The two major projects happening at this year’s StoneFest include both the miniature church and a castle rampart, to be built up between six and ten feet high.

The festival requires up to 70 tons of stone. Stone blocks fetch between $300 to $600 a ton, so it’s a sizeable investment from the festival’s sponsors. All the visitors, the projects and activity show off that stone to strong effect.

“It does put Marenako’s on the map (as) one of the most extraordinary stoneyards in the country,” said Morosco.

Some of the best StoneFest creations become permanent attractions, such as the 2010 clochan, or monk’s stone cell, or the portrait arch. Stone craftspeople can come back with clients and show them their finished projects anytime.

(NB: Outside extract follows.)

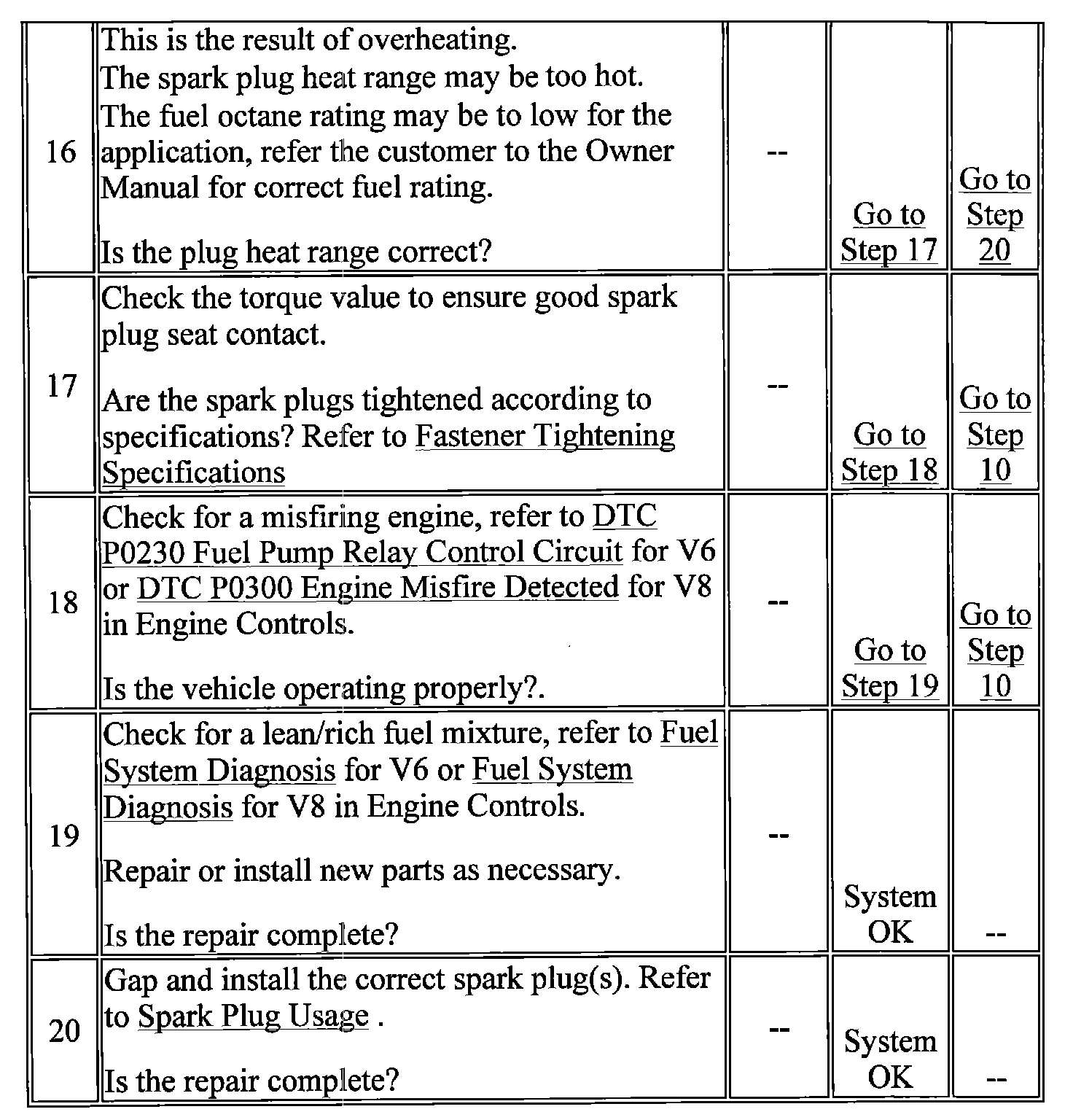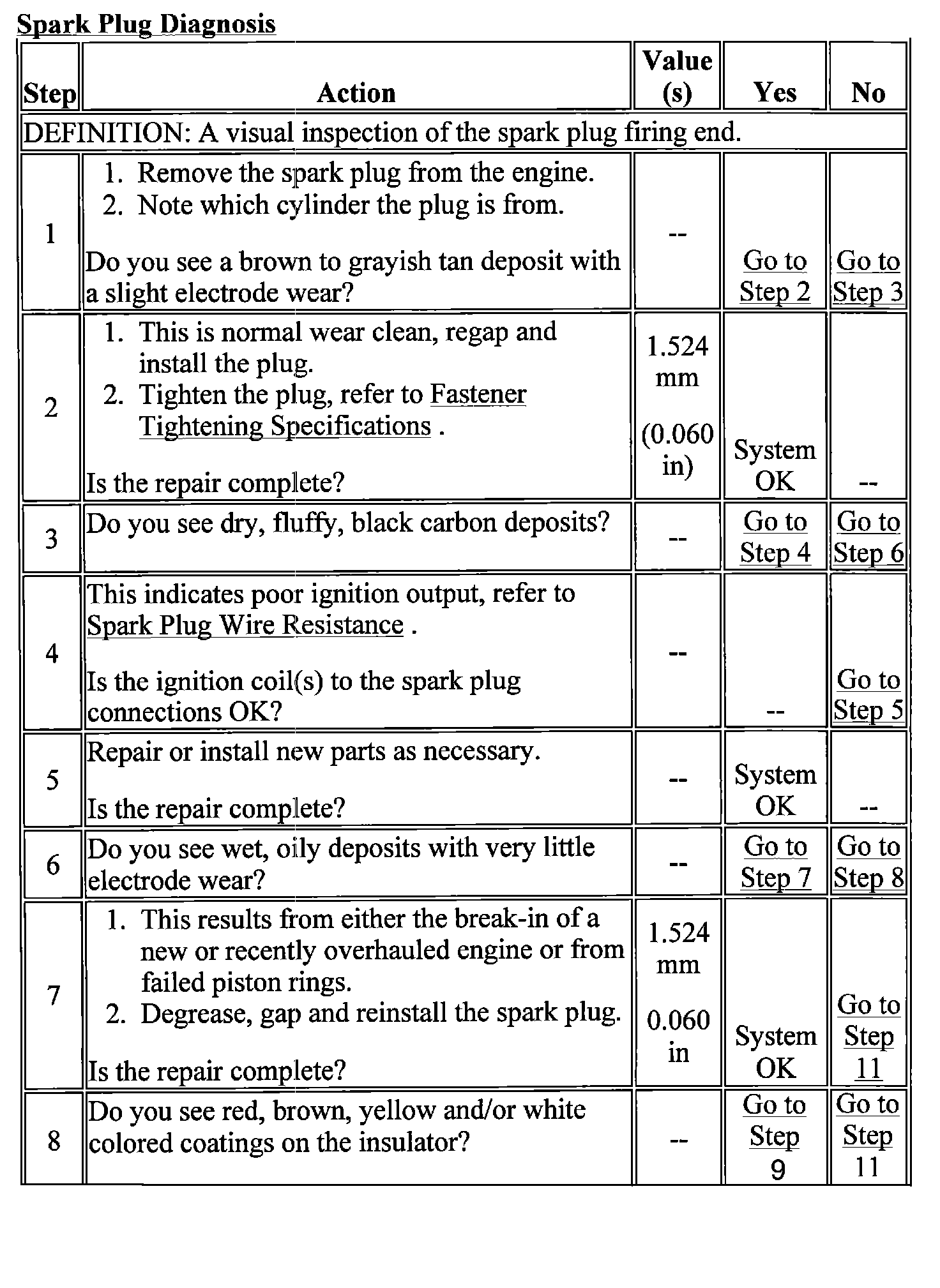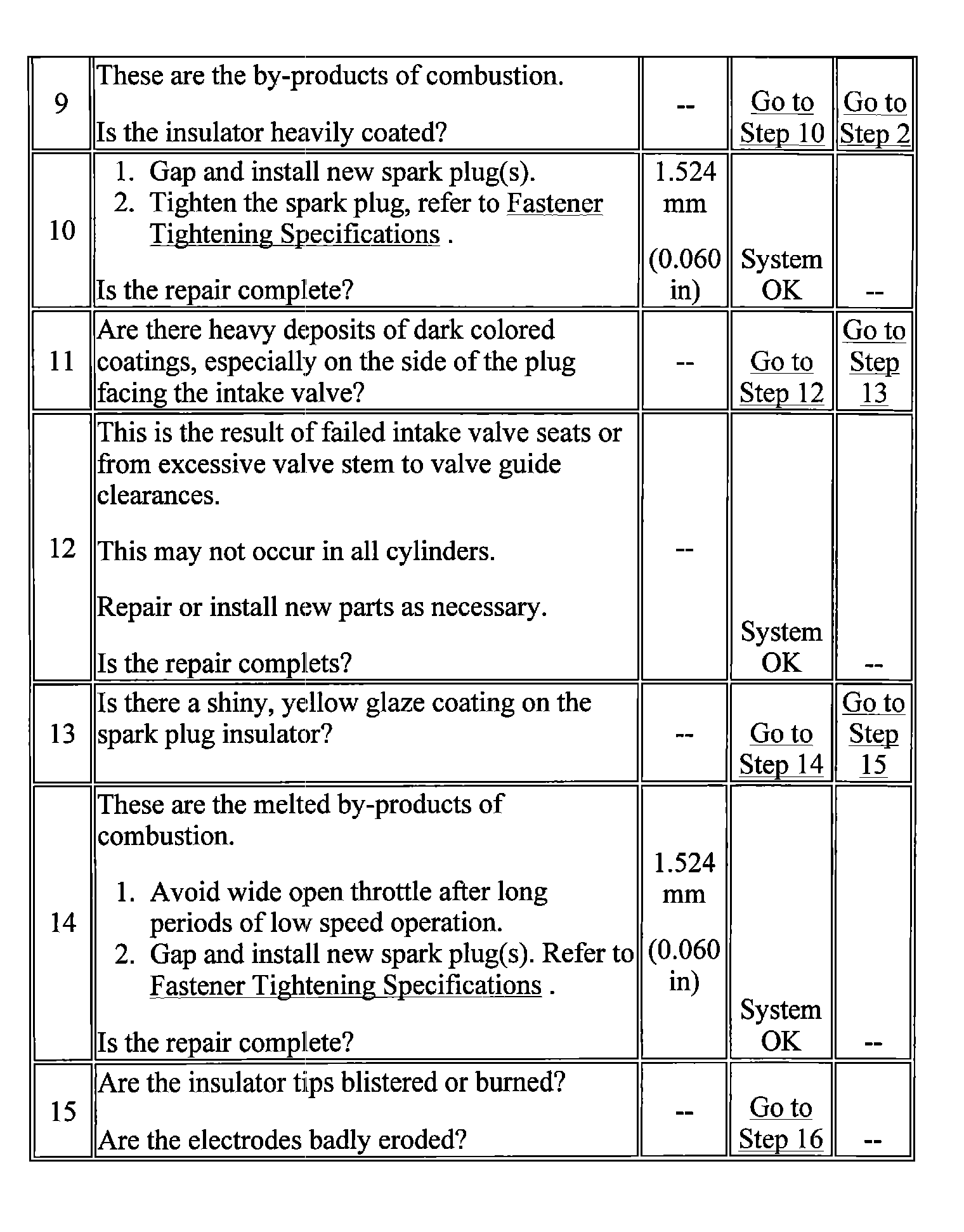 SPARK PLUG VISUAL DIAGNOSISWorn or dirty plugs give satisfactory operation at idling speed, but under operating conditions they frequently fail. Faulty plugs are indicated in a number of ways poor fuel economy, power loss, loss of speed, hard starting and general poor engine performance. Spark plugs may also fail due to carbon fouling, excessive plug gap, or broken insulators. Fouled plugs are identified by black carbon deposits. The black deposits are usually the result of slow speed driving and short runs where sufficient engine temperature is seldom reached. Worn pistons, rings, faulty ignition, over-rich air/fuel mixture and spark plugs which are too cold will also result in carbon deposits. Excessive gap wear, on plugs of low mileage usually indicated the engine is operating at high speeds or loads that are consistently greater than normal or that a plug which is too hot is being used. Electrode wear may also be the result of plug overheating due to insufficient spark plug torque or too much spark plug torque. An excessively lean air/fuel mixture will also result in excessive electrode wear.

Besides construction, another big aspect of the festival is carving. There is an emphasis on hand tools, but power tools are allowed for those who work harder stone

Some of the craftspeople at StoneFest work on their own projects, and end up bringing their worked block of stone home with them. Others put their effort into a group project—a carved portrait arch from a past StoneFest permanently memorializes that team task.

“We connect people to stone,” Morosco said. “We also connect people to people. StoneFest creates a network that helps people gather knowledge and experience, so they have the confidence to do work.”

“We’ve always had a connection to stone,” she said. “We’ve had this long, deep resonance…. That’s why we walk on a beach and pick up pebbles.”

The festival helps make stone more user-friendly for beginners, and deepens experts’ relationship with this age-old material.

“By being around it, and sharing ideas, it brings people the confidence to work with stone,” Morosco said.

StoneFest seminars

StoneFest shares skill and knowledge of the stone trade. Visitors work as a community for five intense days. This year’s projects include:

• Elements of Sacred Space: An Early Irish Church: Visitors build a small-scale church

• Every Man’s Home is His Castle: Participants build a scaled down castle rampart with dry stone talus, small towers or turrets and a pyramid spur. This will be an advanced project involving setting out geometry and merging shapes to challenge the experienced mason.

• Richard Rhodes, of Rhodesworks Design Studio and Rhodes Architectural Stone will be offering two workshops, a Design Charrette and Presentation workshop

To learn more, visit stonefest.org/stonefest2014/stonefest-2014-catalog/.

Volunteer students at the annual StoneFest stoneworking seminar at Preston built this replica of an ancient Irish clochan, or beehive shelter.

At a past StoneFest, Nicholas Fairplay demonstrates carving on a memorial a participant designed for her beloved lost pets.